Blackstone Avenue is a major roadway arterial in Fresno, California, United States, running from Stanislaus and O Streets near Downtown to Highway 41 northeastern part of the city. This street is the location of a number of historic structures and is also the locus of a considerable concentration of retail commercial land usage. The campus of the Fresno City College straddles Blackstone Avenue in the vicinity of McKinley Avenue.

==History==
In the late 1880s residents jokingly referred to the street as Blackstone after the English legal scholar William Blackstone, due to the number of lawyers living there.

The local history may be best recorded by some of the old surviving homes on Blackstone Avenue which are in the Register of National Historic Places, including the Ella Hoxie Home (251 N. Blackstone Avenue); Brix Home (313 N. Blackstone Avenue); Griffen Home (319 N. Blackstone Avenue); Hines Home (333 N. Blackstone Avenue). Earth Metrics Inc. performed an analysis of historic aerial photographs in the Blackstone Avenue vicinity.
In 1946, the area contained many residences on large lots. The photographs observed indicate that many of these large lots included row crops. Surrounding lands at that time were predominantly used for agriculture, with orchards lining much of the western side of Blackstone Avenue. A mixture of row crops, vacant fields, orchards, and scattered residences made up much of the landscape on the eastern side of Blackstone Avenue.

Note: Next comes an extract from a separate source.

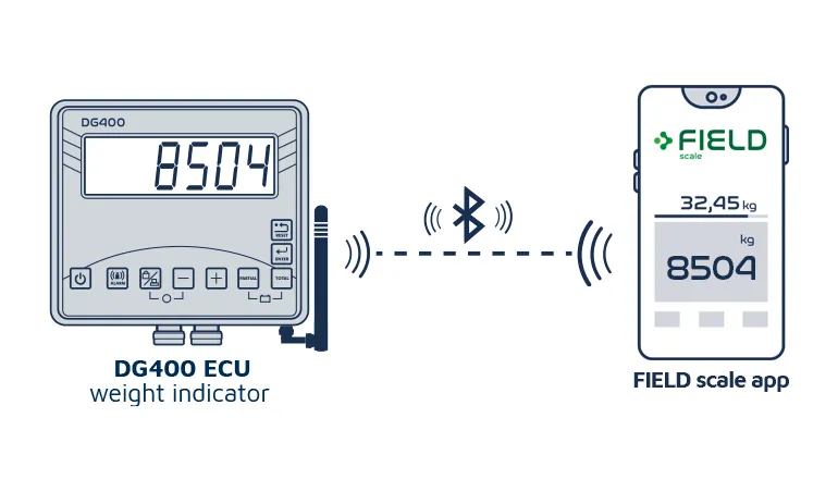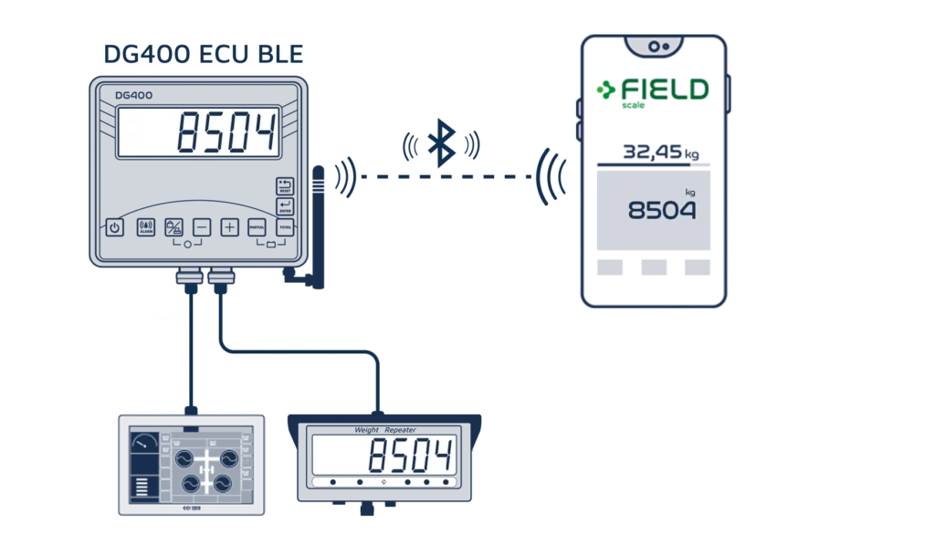 FIELD scale connects wirelessly to the DG400 ECU, allowing operators to record harvest weight, date, and time for every load.

The aerial photographs taken in 1962 indicate that land use in the subject site vicinity showed significant change between 1946 and 1962. Urbanization occurred in the Blackstone Avenue vicinity during this period. Orchards and row crops had been largely replaced by commercial and residential structures by 1962.

==Geology==
The elevation of Blackstone Avenue is approximately 330 ft above mean sea level. The underlying sediments of the Blackstone Avenue area are a heterogeneous mix of generally poorly sorted clay, silt, sand and gravel.